Is Fixed supposed to be relevant to the human male? Or is it just supposed to be that type of immature, disgusting satire that not everyone would understand or appreciate? Because if your balls start talking to you when you’re high, I definitely cannot relate (being that I am female). 

So there’s a dog, named Bull (Adam DeVine), who is adopted as a young pup. Two years later, audiences find him humping Nana’s leg, Nana as in the grandmother of the human household he lives in. And here’s where we know things are going to go down an unexpected and horny road. The dog park is the place to be, and apparently, a daily event for the dogs in Fixed. Bull and his mates – Rocco (Idris Elba), Fetch (Fred Armisen), and Lucky (Bobby Moynihan) – all hang out together in the park, talking about girls, fucking, so on and so forth. Living in the same house his entire life, Bull has developed a lifelong crush on Honey (Kathryn Hahn) – a prize-winning show dog – who is set to win her next competition and mate with none other than local “bully” and award winner Sterling (Beck Bennett). Making things worse for Bull, of course, is when his owners decide it’s time for him to be neutered. With only 24 hours left before his manhood is taken from him, Bull chooses to run away from home and have one last adventure with his two best friends – Ol' Spice and Napoleon (his balls). 

In less than 100 minutes, the viewer gets to witness a number of disturbing actions that one should never have to witness being done by a dog, even if the dog may be animated. What on earth could compel someone to decide to make a movie about being sexually aroused, but from the perspective of dogs? Supposedly, there is a purpose to pull a laugh from a joke, yet it does not hit or last if it does. Fixed is unaware of what it is. Is it a film about dogs being turned on? Or is it motivated by this lifelong love story between two canines? Either way, it becomes primitive and unsophisticated too quickly for anything substantial to develop. 

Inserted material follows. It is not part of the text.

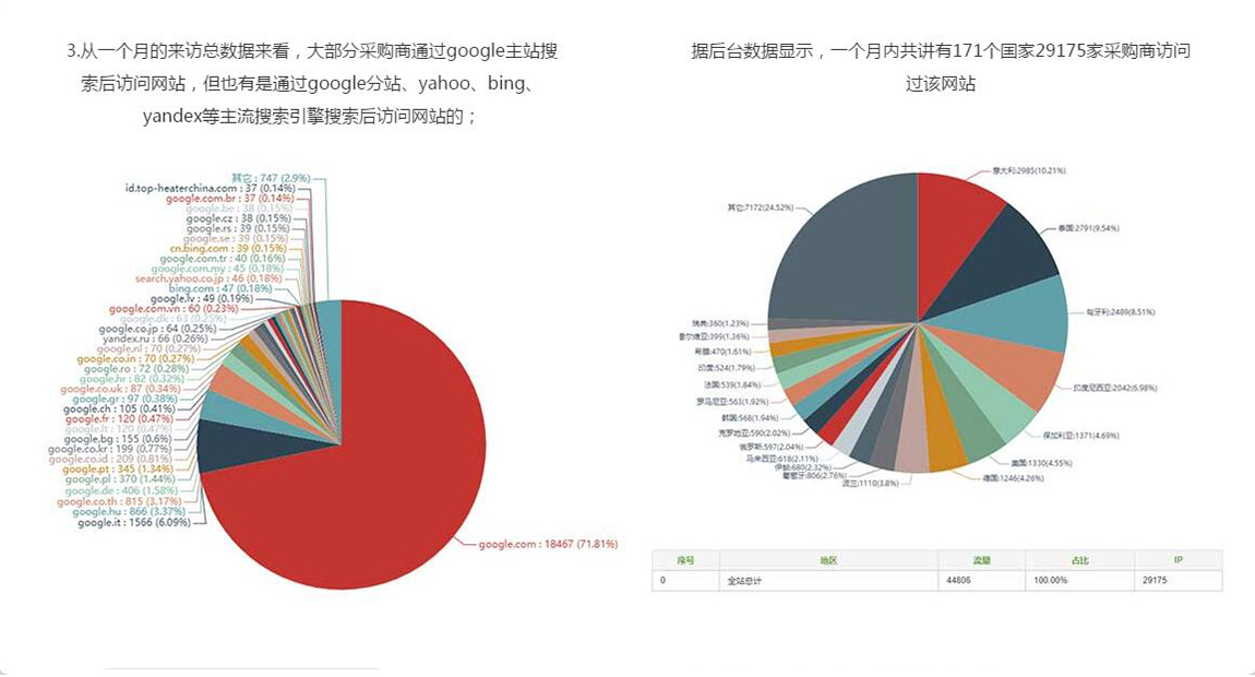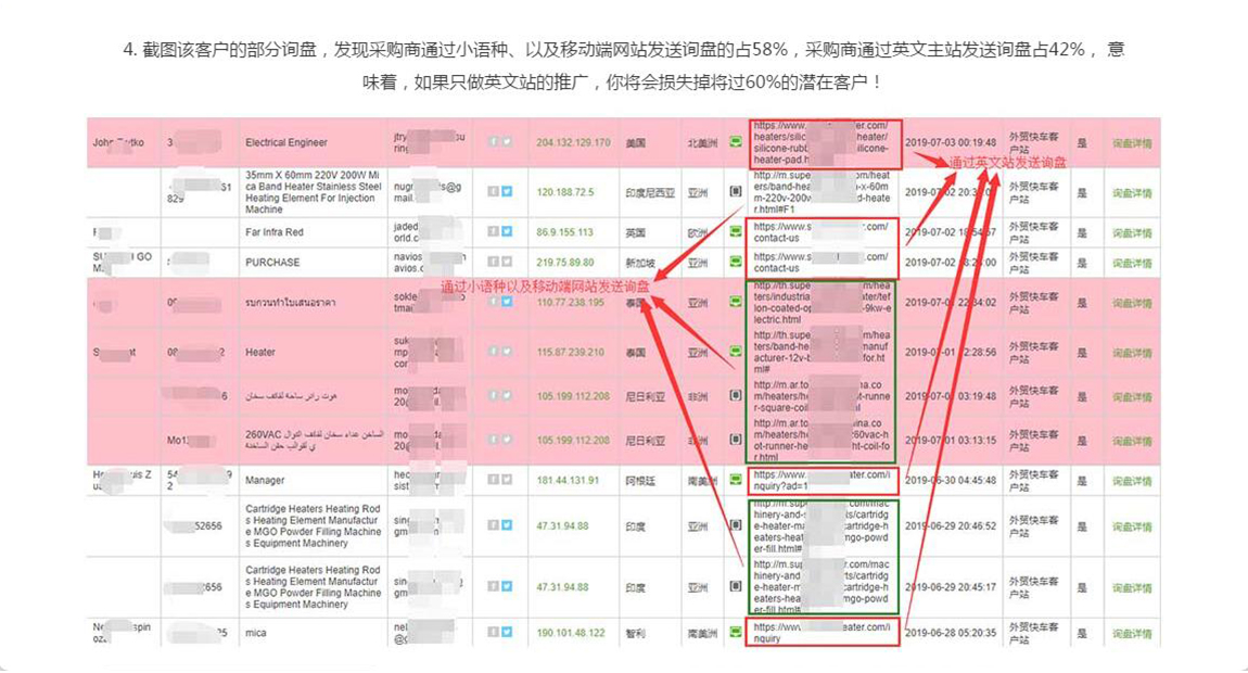 該案例客戶是深圳一家做電熱器元材料的制造商,最初只是一個在民房里辦公的典型Soho公司,靠著給采購商寫開發(fā)郵件接了一些零散的,碎片化的訂單,新定單的增長越來越少,一次偶然的機會遇到了外貿(mào)快車,于2016年5月底與思億歐合作了外貿(mào)快車,現(xiàn)在是合作的第3年,外貿(mào)快車搭建的營銷型網(wǎng)站每日能為他帶來1100+企業(yè)的瀏覽量,整個網(wǎng)站在Google首頁有排名關鍵詞數(shù)量高達1477個,網(wǎng)站留言的詢盤1000多封,直接發(fā)送郵件的詢盤近1000封,且在最近一年里在線即時咨詢的客戶數(shù)量超過150個,除此之外,還有一些直接通過電話咨詢的;據(jù)客戶的反饋,這些詢盤的轉化率高達60%;目前公司團隊由原來的一人soho變成了現(xiàn)在的8個外貿(mào)業(yè)務員,2個內(nèi)貿(mào)業(yè)務員,公司不斷在壯大,幾乎每個月都有采購商來驗廠,公司業(yè)務蒸蒸日上,從之前大眾汽車,到現(xiàn)在換了一輛90萬的路虎;客戶曾打過一個非常形象的比喻,外貿(mào)快車是一門性能優(yōu)良的超級大炮,能把你的產(chǎn)品指哪打哪,前提就是要給足夠的炮彈。
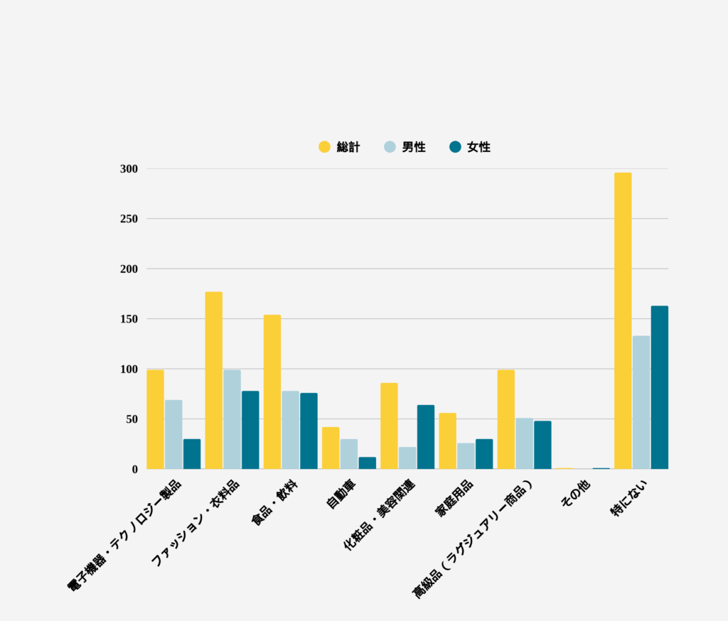 結果は、男性が女性よりも海外ブランドの電子機器(約22%対9%)、ファッションアイテム(約32%対23%)、自動車(約10%対4%)を好む傾向が強いことを示しています。逆に、女性は化粧品・美容関連をより好み(約19%対7%)、さらに女性の方が海外ブランドの好みがないと回答する割合も高く(49%対43%)なっています。

Though one of the most surprising things about Fixed, above the need for it to have been made, and what adds an additional level of audacity is some of the cast members who chose (did they choose, or were they coerced) to be voice-actors for the dogs. Actors including Kathryn Hahn and Idris Elba do give stellar voices to their roles, as well as the rest of the cast. Yet it is lost within the absurdity and disgust of a dog’s balls. At times, the ludicrous plot revolves only around Bull, and while DeVine’s voice is somewhat unrecognizable, it adds a level of discomfort picturing the actor as their corresponding character. While Bull and Sterling tend to be the horniest characters and partake in the most 18+ rated actions, there is a greater level of sophistication when Hahn and Elba’s voices come into play. It feels perhaps like even though they became involved in Fixed, they only involved themselves in the more mature and sophisticated aspects, or events, of the film. 

Impossible to fix, but hopefully possible to forget about, are the thoughts that remain when you finish watching Fixed. There is more to a dog than their want for sex, and though we as humans will never know, Fixed feels like a film made to look down upon them. A piss-take film drenched with sweat and balls, it is now streaming on Netflix, and we’ll never know why.